#### [Assignment]
Give every entry again, unchanged, and leave its images out.

#### [Listed records]
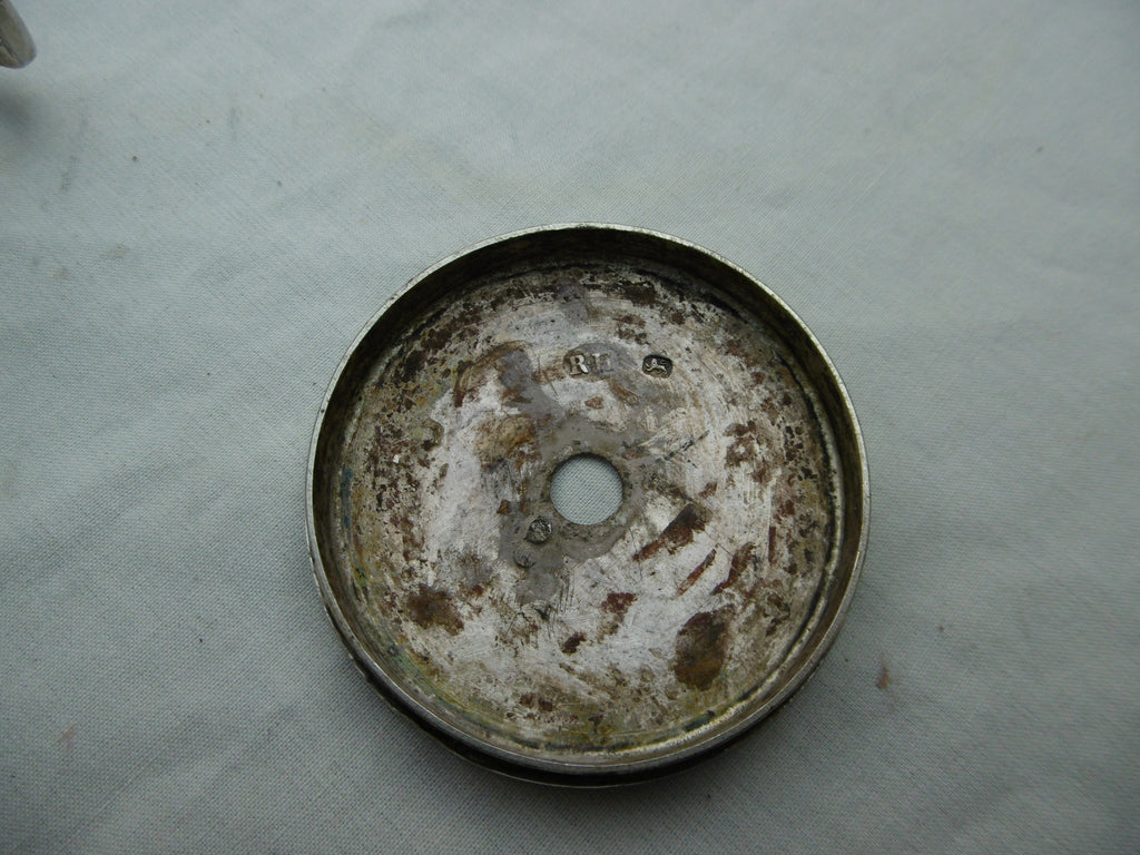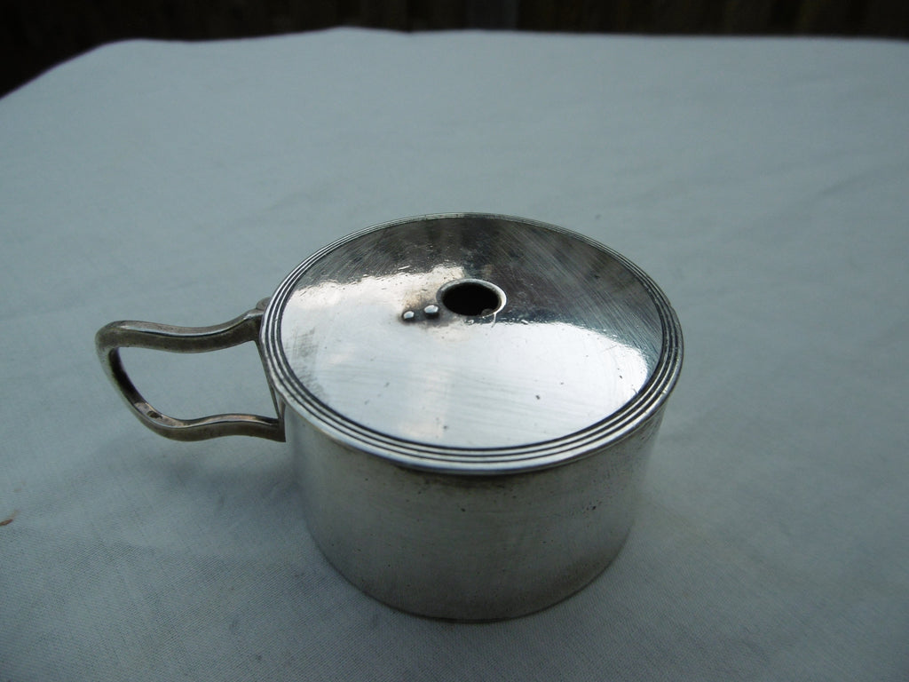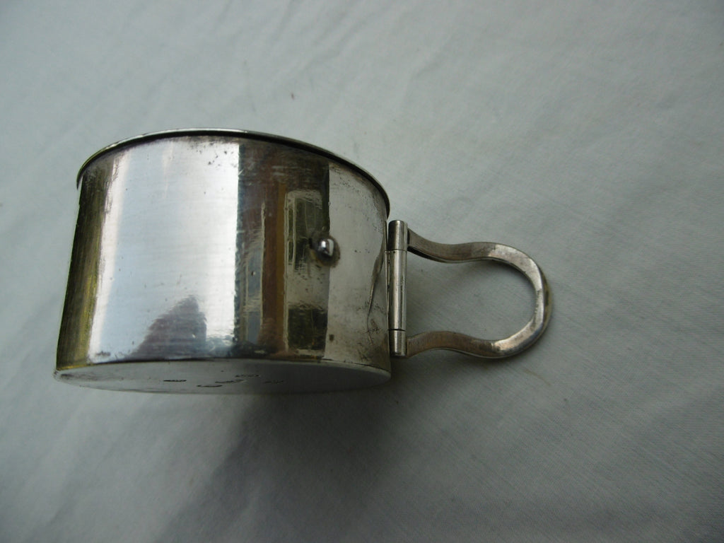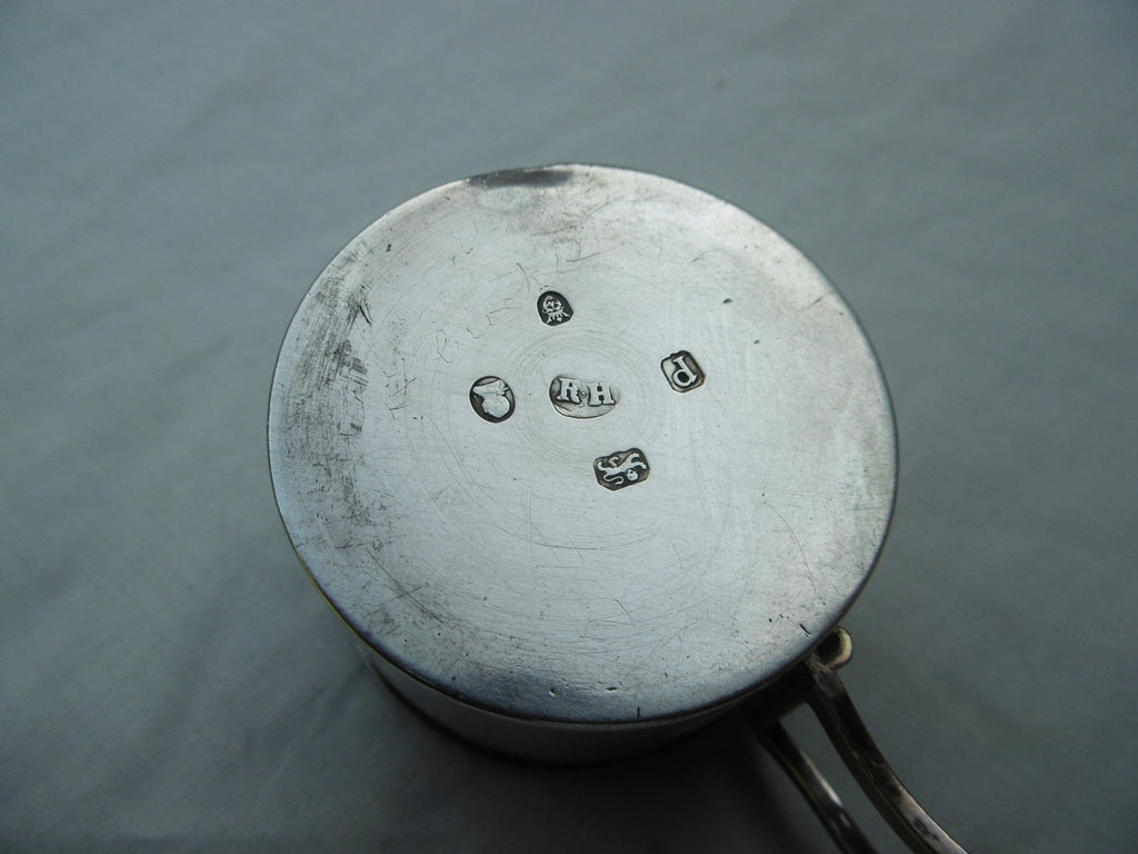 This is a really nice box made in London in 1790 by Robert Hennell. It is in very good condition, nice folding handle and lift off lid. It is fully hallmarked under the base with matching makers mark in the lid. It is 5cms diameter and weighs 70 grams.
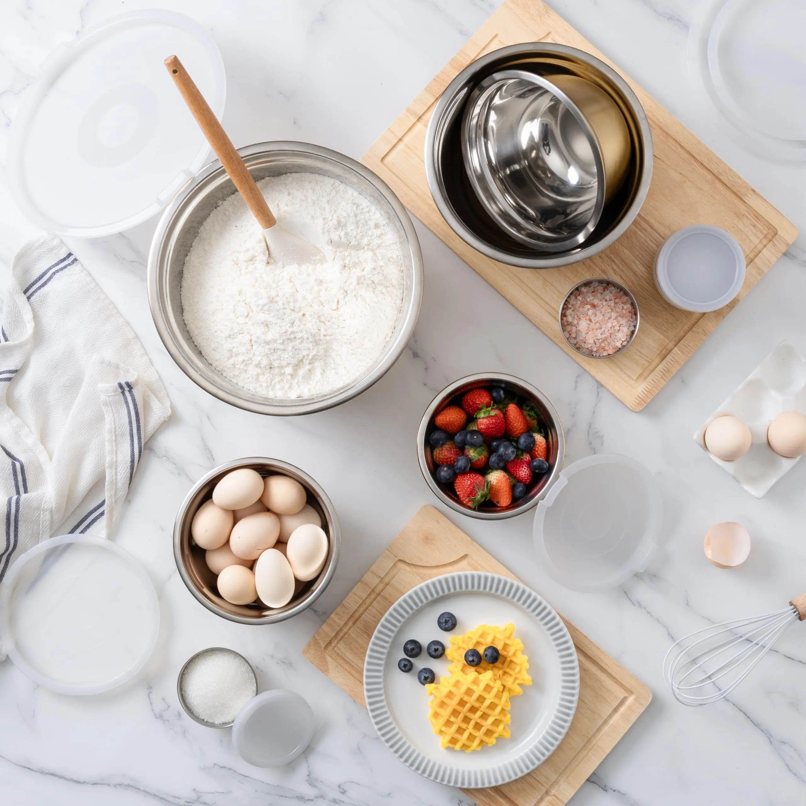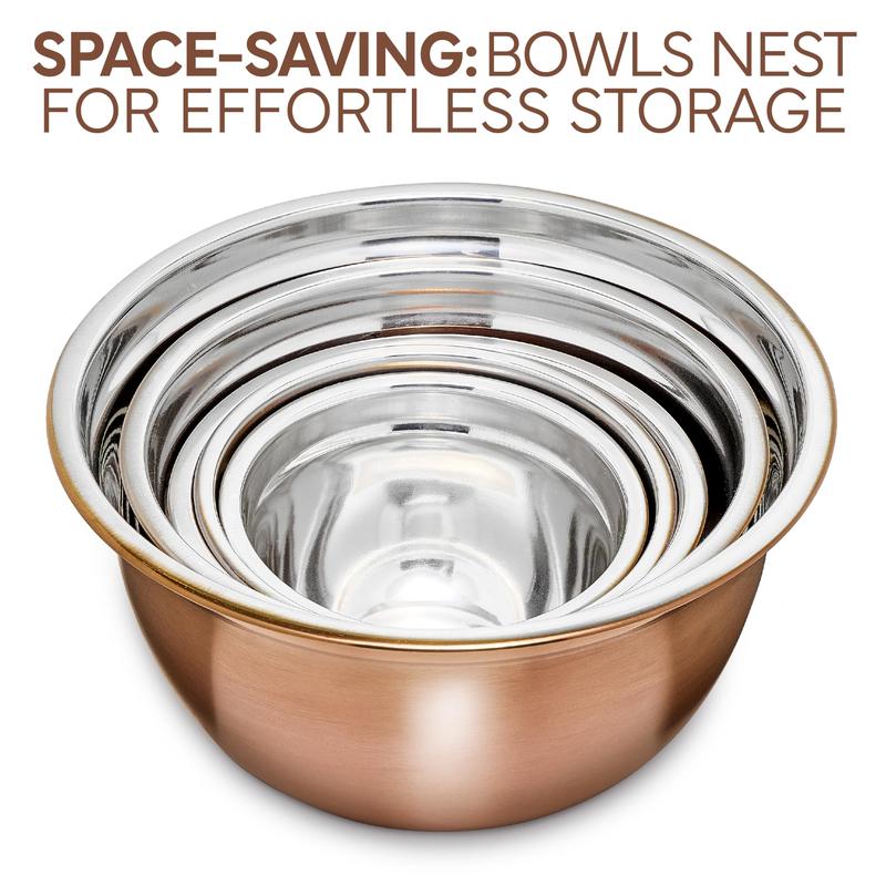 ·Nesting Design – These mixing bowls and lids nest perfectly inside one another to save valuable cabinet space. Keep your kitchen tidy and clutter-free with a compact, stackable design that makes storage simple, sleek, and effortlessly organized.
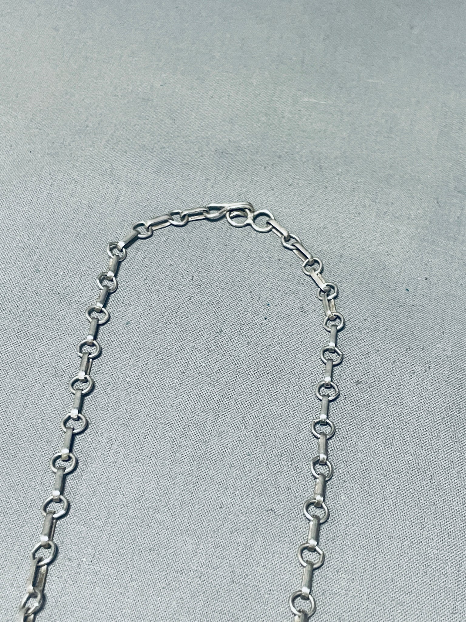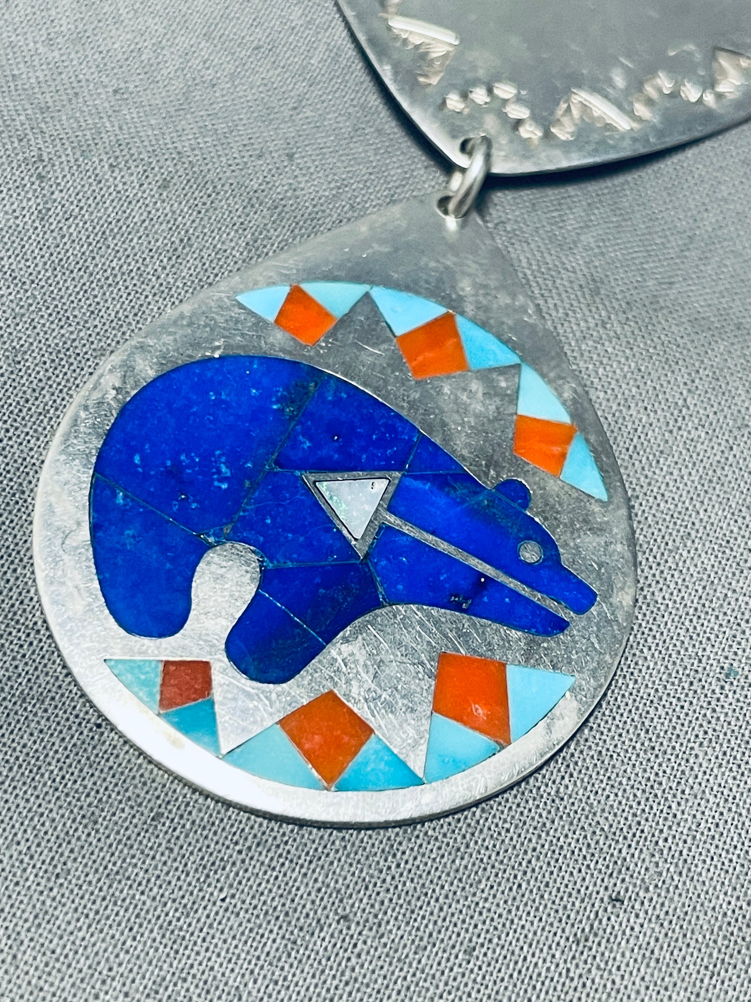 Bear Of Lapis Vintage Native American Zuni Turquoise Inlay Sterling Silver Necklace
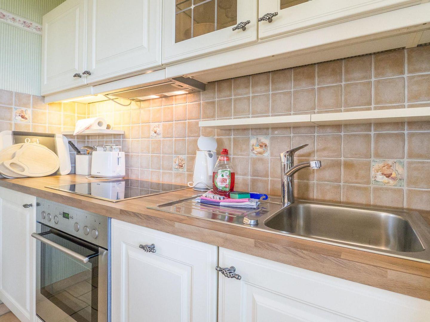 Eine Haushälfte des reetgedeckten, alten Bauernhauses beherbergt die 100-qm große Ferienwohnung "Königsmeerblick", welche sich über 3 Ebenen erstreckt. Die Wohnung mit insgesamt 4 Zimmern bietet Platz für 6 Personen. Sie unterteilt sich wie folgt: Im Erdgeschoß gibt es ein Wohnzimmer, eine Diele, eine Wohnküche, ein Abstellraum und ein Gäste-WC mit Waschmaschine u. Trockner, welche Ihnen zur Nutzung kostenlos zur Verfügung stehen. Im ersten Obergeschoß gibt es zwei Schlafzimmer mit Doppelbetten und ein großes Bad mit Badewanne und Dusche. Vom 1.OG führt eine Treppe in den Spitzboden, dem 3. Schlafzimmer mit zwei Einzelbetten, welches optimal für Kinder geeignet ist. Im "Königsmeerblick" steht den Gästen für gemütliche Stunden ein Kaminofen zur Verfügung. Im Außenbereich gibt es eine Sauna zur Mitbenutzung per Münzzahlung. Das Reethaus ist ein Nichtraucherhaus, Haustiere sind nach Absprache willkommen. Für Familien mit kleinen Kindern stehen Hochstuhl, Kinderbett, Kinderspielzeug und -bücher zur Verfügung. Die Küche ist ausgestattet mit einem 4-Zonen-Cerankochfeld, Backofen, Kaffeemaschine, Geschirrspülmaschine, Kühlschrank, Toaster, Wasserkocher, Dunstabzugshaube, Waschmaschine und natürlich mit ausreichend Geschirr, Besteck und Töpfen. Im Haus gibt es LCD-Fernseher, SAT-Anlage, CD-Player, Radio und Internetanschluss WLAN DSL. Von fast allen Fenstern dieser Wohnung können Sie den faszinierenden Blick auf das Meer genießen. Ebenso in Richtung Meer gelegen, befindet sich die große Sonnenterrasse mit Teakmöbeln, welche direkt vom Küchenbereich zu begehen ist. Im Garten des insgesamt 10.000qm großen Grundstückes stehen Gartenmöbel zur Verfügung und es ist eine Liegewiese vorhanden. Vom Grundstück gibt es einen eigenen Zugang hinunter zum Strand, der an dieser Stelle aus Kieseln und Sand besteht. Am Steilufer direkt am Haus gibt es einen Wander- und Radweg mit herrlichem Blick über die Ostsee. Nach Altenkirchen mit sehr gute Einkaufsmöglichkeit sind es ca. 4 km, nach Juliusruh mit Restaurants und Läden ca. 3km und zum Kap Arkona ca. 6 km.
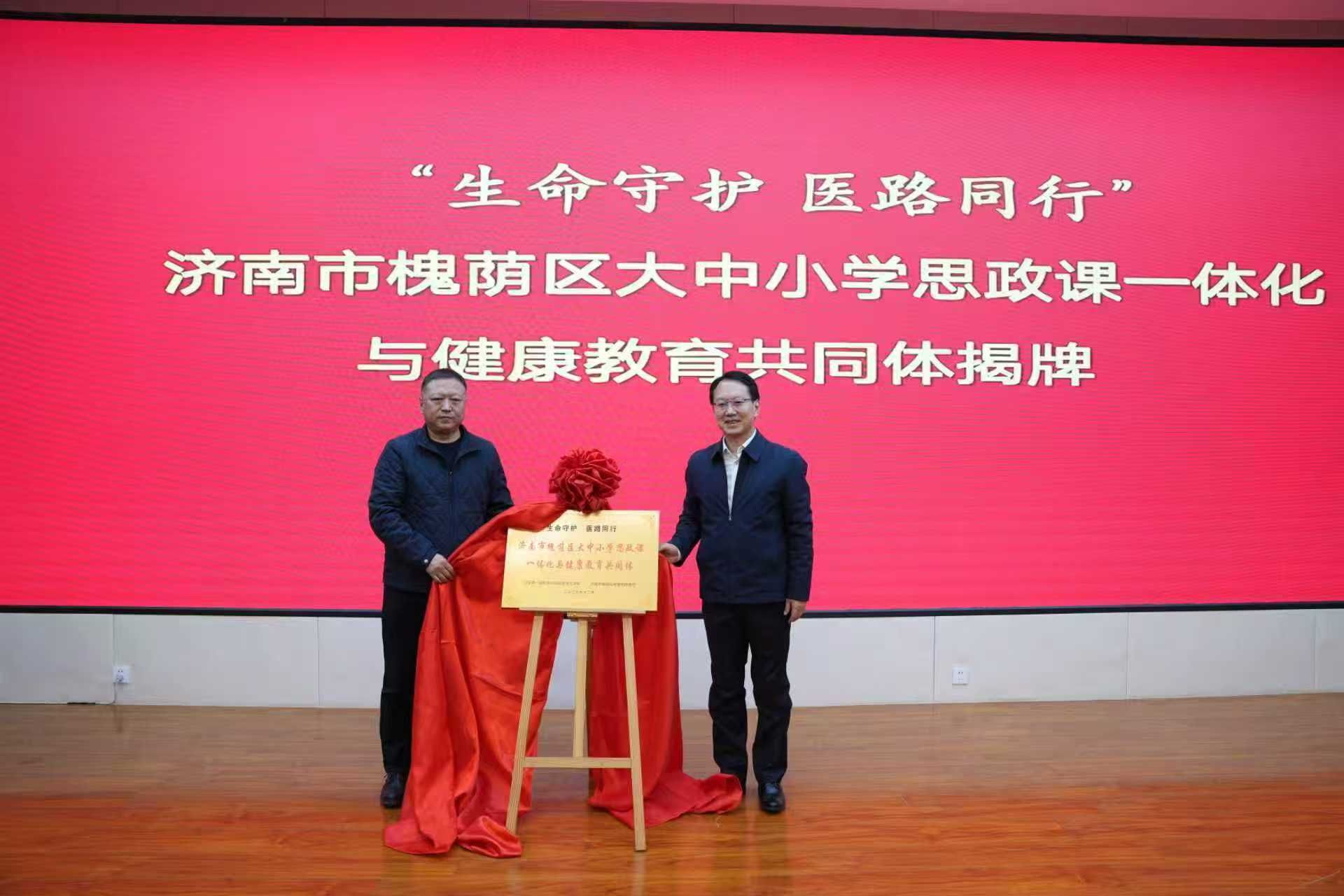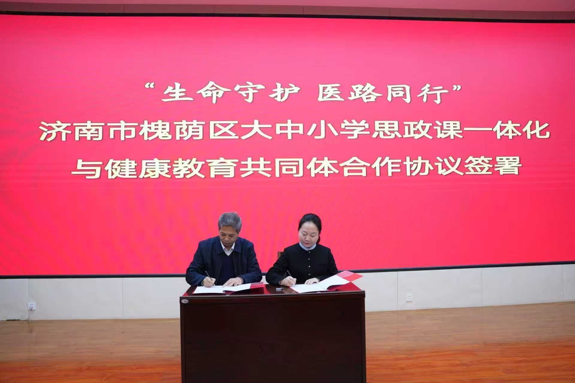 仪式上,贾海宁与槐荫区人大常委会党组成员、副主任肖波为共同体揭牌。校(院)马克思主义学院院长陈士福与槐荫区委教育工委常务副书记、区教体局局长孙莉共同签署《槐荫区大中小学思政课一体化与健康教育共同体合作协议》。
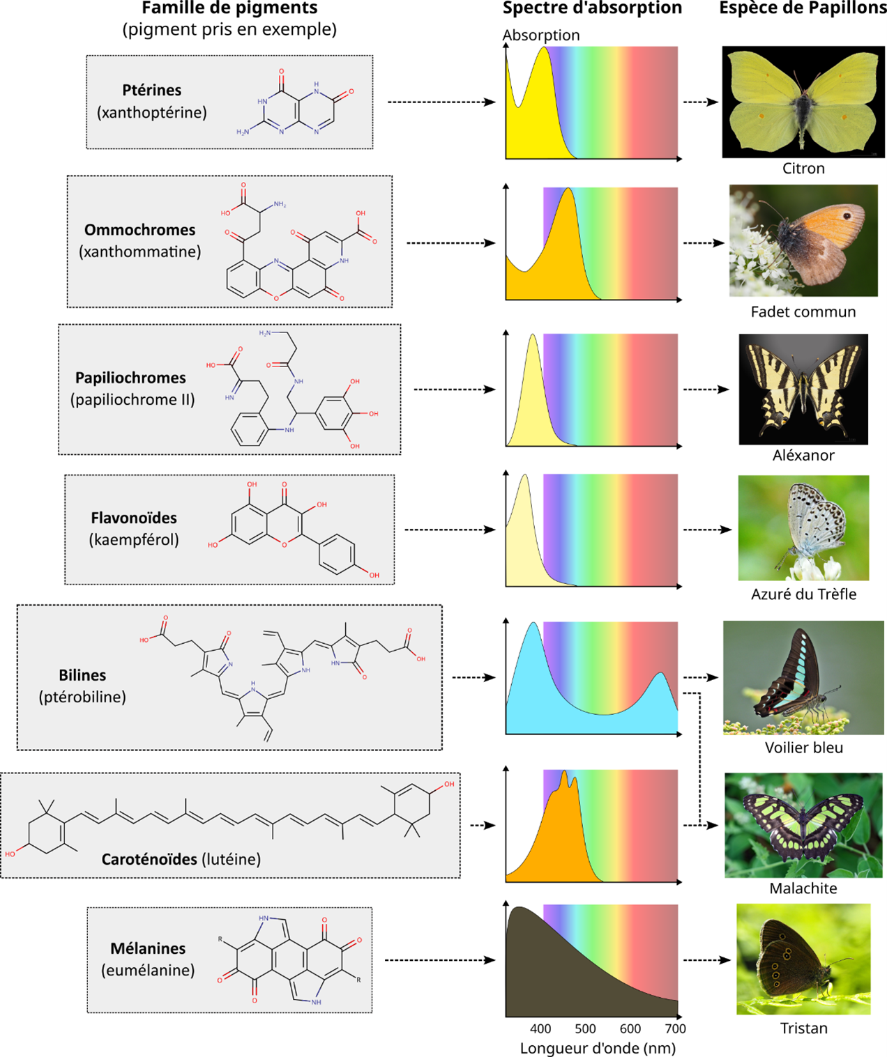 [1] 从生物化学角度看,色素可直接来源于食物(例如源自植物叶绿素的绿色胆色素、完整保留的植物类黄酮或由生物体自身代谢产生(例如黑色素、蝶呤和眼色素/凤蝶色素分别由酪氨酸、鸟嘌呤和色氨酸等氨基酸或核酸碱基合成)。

#### [Task result]
 This is a really nice box made in London in 1790 by Robert Hennell. It is in very good condition, nice folding handle and lift off lid. It is fully hallmarked under the base with matching makers mark in the lid. It is 5cms diameter and weighs 70 grams.
 ·Nesting Design – These mixing bowls and lids nest perfectly inside one another to save valuable cabinet space. Keep your kitchen tidy and clutter-free with a compact, stackable design that makes storage simple, sleek, and effortlessly organized.
 Bear Of Lapis Vintage Native American Zuni Turquoise Inlay Sterling Silver Necklace
 Eine Haushälfte des reetgedeckten, alten Bauernhauses beherbergt die 100-qm große Ferienwohnung "Königsmeerblick", welche sich über 3 Ebenen erstreckt. Die Wohnung mit insgesamt 4 Zimmern bietet Platz für 6 Personen. Sie unterteilt sich wie folgt: Im Erdgeschoß gibt es ein Wohnzimmer, eine Diele, eine Wohnküche, ein Abstellraum und ein Gäste-WC mit Waschmaschine u. Trockner, welche Ihnen zur Nutzung kostenlos zur Verfügung stehen. Im ersten Obergeschoß gibt es zwei Schlafzimmer mit Doppelbetten und ein großes Bad mit Badewanne und Dusche. Vom 1.OG führt eine Treppe in den Spitzboden, dem 3. Schlafzimmer mit zwei Einzelbetten, welches optimal für Kinder geeignet ist. Im "Königsmeerblick" steht den Gästen für gemütliche Stunden ein Kaminofen zur Verfügung. Im Außenbereich gibt es eine Sauna zur Mitbenutzung per Münzzahlung. Das Reethaus ist ein Nichtraucherhaus, Haustiere sind nach Absprache willkommen. Für Familien mit kleinen Kindern stehen Hochstuhl, Kinderbett, Kinderspielzeug und -bücher zur Verfügung. Die Küche ist ausgestattet mit einem 4-Zonen-Cerankochfeld, Backofen, Kaffeemaschine, Geschirrspülmaschine, Kühlschrank, Toaster, Wasserkocher, Dunstabzugshaube, Waschmaschine und natürlich mit ausreichend Geschirr, Besteck und Töpfen. Im Haus gibt es LCD-Fernseher, SAT-Anlage, CD-Player, Radio und Internetanschluss WLAN DSL. Von fast allen Fenstern dieser Wohnung können Sie den faszinierenden Blick auf das Meer genießen. Ebenso in Richtung Meer gelegen, befindet sich die große Sonnenterrasse mit Teakmöbeln, welche direkt vom Küchenbereich zu begehen ist. Im Garten des insgesamt 10.000qm großen Grundstückes stehen Gartenmöbel zur Verfügung und es ist eine Liegewiese vorhanden. Vom Grundstück gibt es einen eigenen Zugang hinunter zum Strand, der an dieser Stelle aus Kieseln und Sand besteht. Am Steilufer direkt am Haus gibt es einen Wander- und Radweg mit herrlichem Blick über die Ostsee. Nach Altenkirchen mit sehr gute Einkaufsmöglichkeit sind es ca. 4 km, nach Juliusruh mit Restaurants und Läden ca. 3km und zum Kap Arkona ca. 6 km.
 仪式上,贾海宁与槐荫区人大常委会党组成员、副主任肖波为共同体揭牌。校(院)马克思主义学院院长陈士福与槐荫区委教育工委常务副书记、区教体局局长孙莉共同签署《槐荫区大中小学思政课一体化与健康教育共同体合作协议》。
 [1] 从生物化学角度看,色素可直接来源于食物(例如源自植物叶绿素的绿色胆色素、完整保留的植物类黄酮或由生物体自身代谢产生(例如黑色素、蝶呤和眼色素/凤蝶色素分别由酪氨酸、鸟嘌呤和色氨酸等氨基酸或核酸碱基合成)。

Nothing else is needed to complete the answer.